The creamy filling of crushed Oreos, coffee and cream cheese is enrobed with a generous shell of dark chocolate. And if you’re a total coffee addict like me, you’ll want to sprinkle some additional instant coffee powder on top!
Truffles are always a bit of a nightmare to serve and eat if it’s warm or humid, so I found some cute mini cupcake liners at my grocery store and served them in that.
Oreo Tiramisu Truffle Chocolates
- 300 g Oreo biscuits I used the new Oreo Thins in Tiramisu, but you can use normal Oreos
- 250 g cream cheese softened
- 1 tsp instant coffee powder plus more to decorate
- 250 g dark chocolate
- Blitz the Oreo biscuits in a food processor until they form fine crumbs.

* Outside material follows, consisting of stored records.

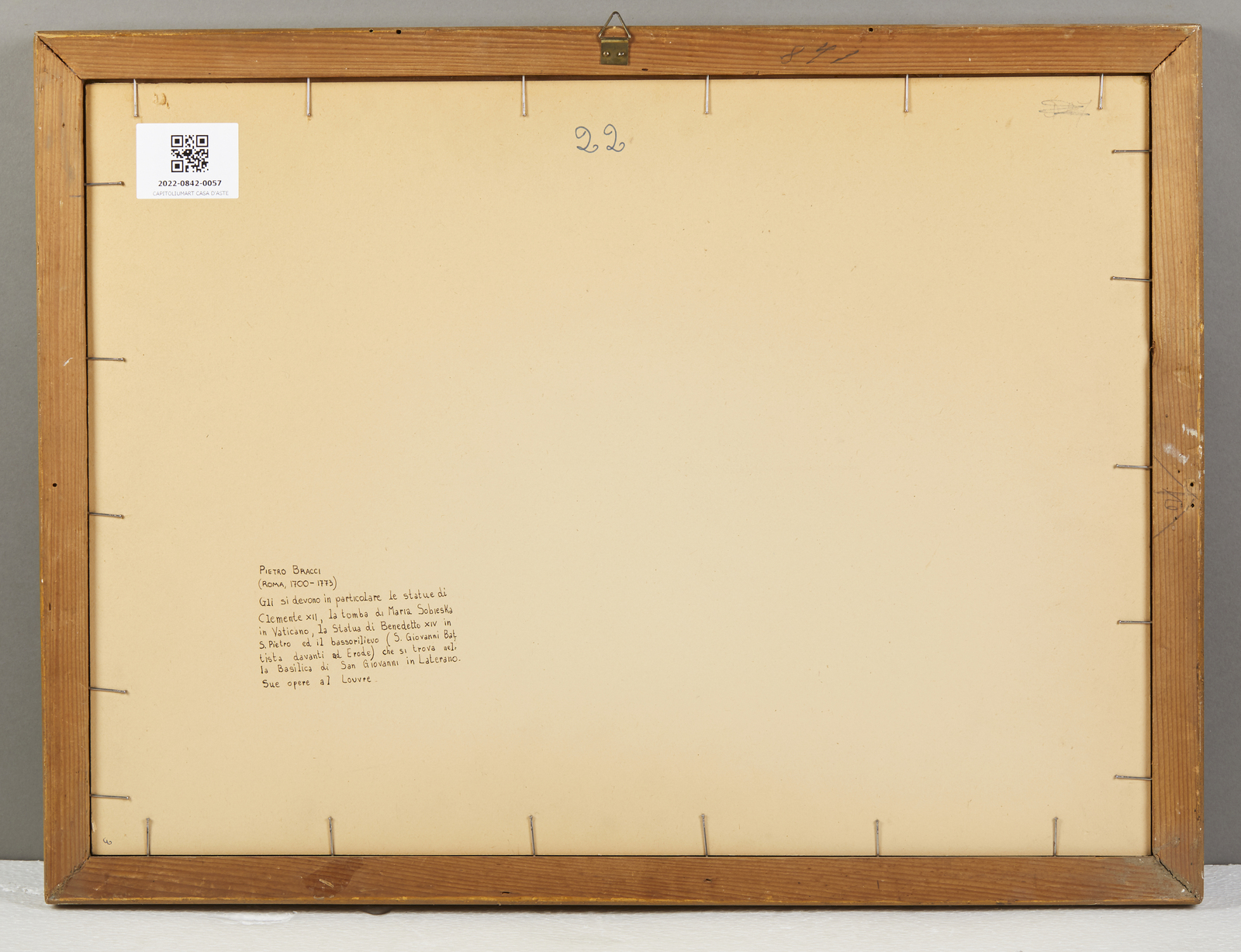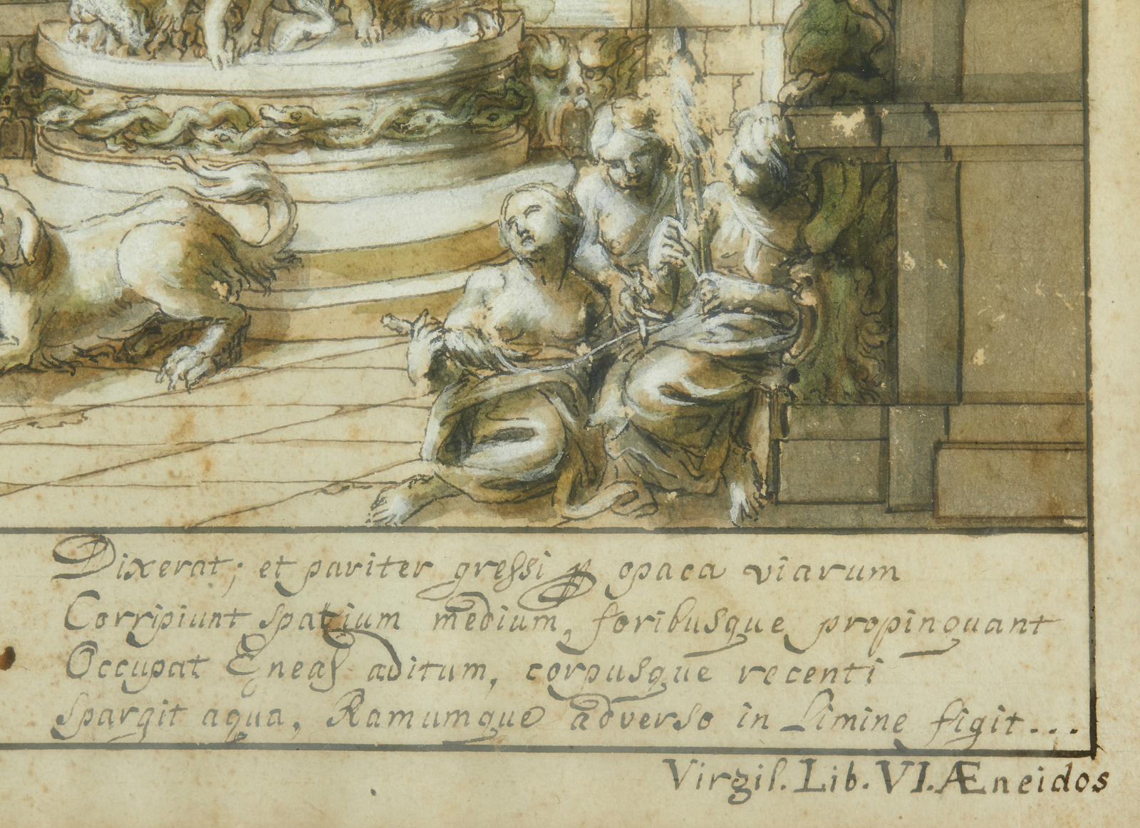 Difetti. Firmato in basso a sinistra ''Pet. Bracci Inv. et Delin.''Provenienza: Collezione privata, Parma.Bibliografia: P. Consigli Valente (a cura di), ''Disegni Antichi (Collana Le collezioni private parmensi)'', 1988, p. 285, n. 355.Pietro Bracci fu uno dei principali scultori dell'ultimo Barocco romano, prima allievo di Camillo Rusconi e poi artista al servizio dei massimi esponenti della Curia: protetto del cardinale Alessandro Albani, membro (e poi principe) dell'Accademia di San Luca e dell'Accademia Clementina di Bologna, tra le sue opere si annoverano molti ritratti in marmo dei membri della corte pontificia, due statue di papa Clemente XII (una a Ravenna, l'altra originariamente collocata in Campidoglio, poi distrutta nel 1798) e, soprattutto, il celebre gruppo statuario al centro della Fontana di Trevi, con l'imponente Dio Oceano sul suo cocchio in forma di conchiglia trainato da due cavalli marini e due tritoni. Proprio all'impianto e all'idea decorativa di questo capolavoro tardobarocco sembra rimandare il nostro disegno, che raffigura il momento in cui Enea, seguendo le indicazioni della Sibilla, affigge il ramo d'oro alle porte di Dite prima di dirigersi verso i Campi Elisi: l'intero episodio è peṛ ambientato in un'architettura barocca di fantasia, quasi un ''hortus conclusus'' di marmi dove gli esseri infernali, Cerbero e gli stessi Plutone e Proserpina sono raffigurati come vere e proprie sculture di marmo. Gli stessi sovrani dell'Ade, inseriti in un'architettura con cariatidi e teste di Gorgone, sembrano parte di una decorazione di una fontana, come quelle delle ''ville di delizie'' rinascimentali e poi barocche, o come, appunto, il gruppo del Dio Oceano della Fontana di Trevi.
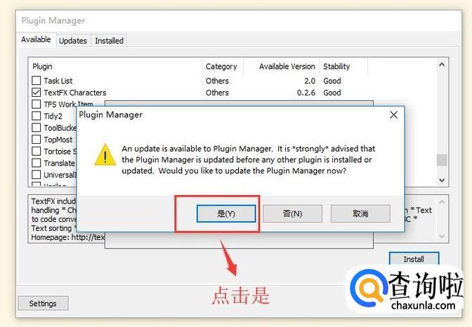 然后会弹出更新插件的提示,我们直接点击是即可,如下图所示
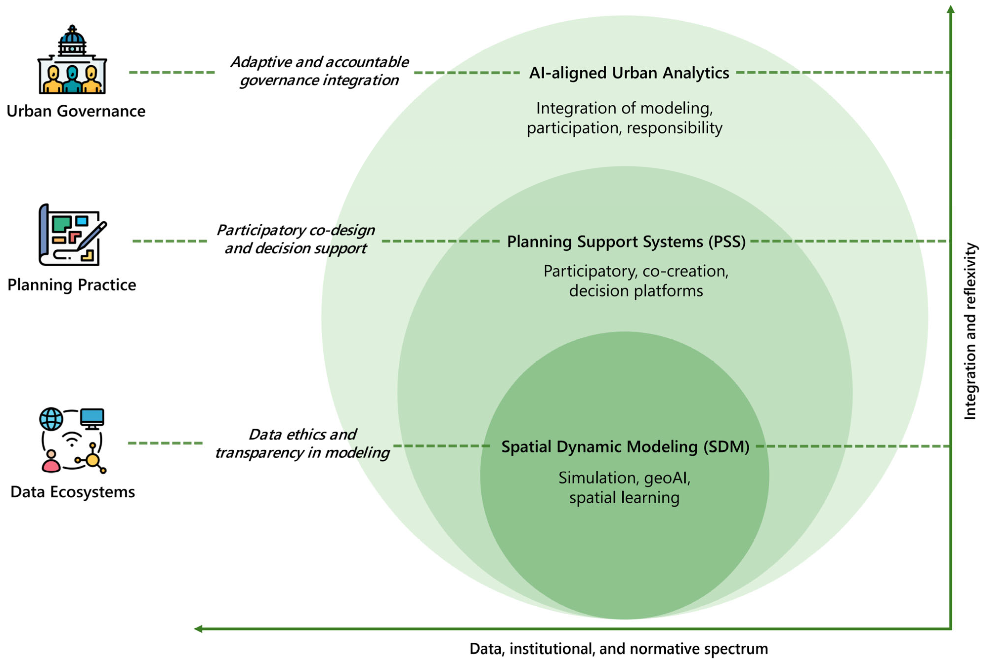 | Decision-support and planning tools | planning support system; decision support framework; urban analytics platform; urban scenario modeling; participatory planning tools |
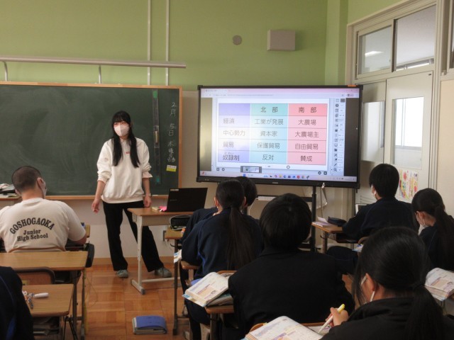2年生の社会科の授業では、アメリカの発展について北部と南部に分けて各自が調べ学習に取り組んでいました。
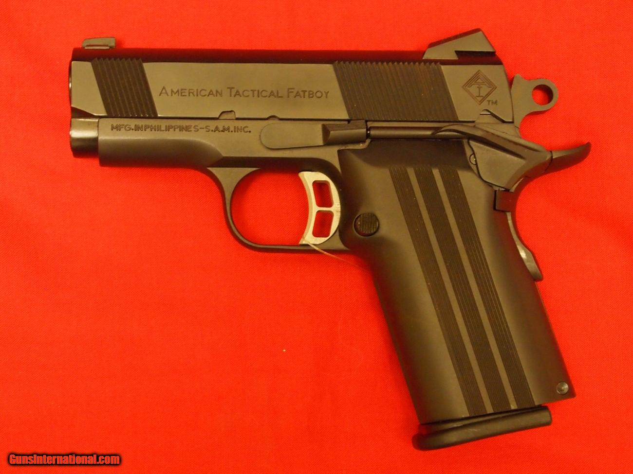 Description: American Tactical 1911 Fatboy .45ACP, 3" barrel, single action, blued finish, 13 round magazine, dovetail front sight with white , adjustable rear sight. New In Box. Reg. 699.00 Add 3% for credit cards $25.00 S&H SOLD |
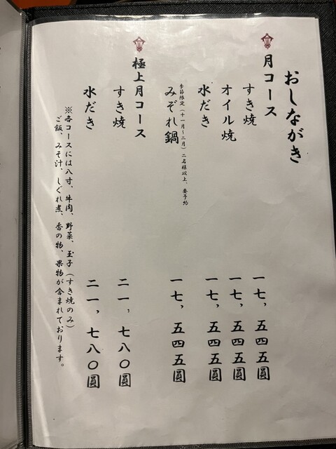 今回はご厚意に甘えて、極上月コースのすき焼きを注文。

- Put the biscuit crumbs in a mixing bowl along with the softened cream cheese and instant coffee powder, stir to combine.
- Portion the mixture into even sizes using a small ice cream scoop or a tablespoon, then roll into balls.
- Place the Oreo truffles onto a lined baking tray and place in the fridge to set for 15 minutes.
- Meanwhile, melt the dark chocolate in the microwave on medium in 30 second bursts until melted.
- Dip each ball into the melted chocolate - I find it easiest to have a teaspoon in one hand to spoon chocolate over the top, and a fork to fish it out and allow any excess to drip off.
- Transfer the balls back to the lined baking tray and sprinkle with more coffee powder if you wish.
- Return to the fridge for another 20 minutes until hard.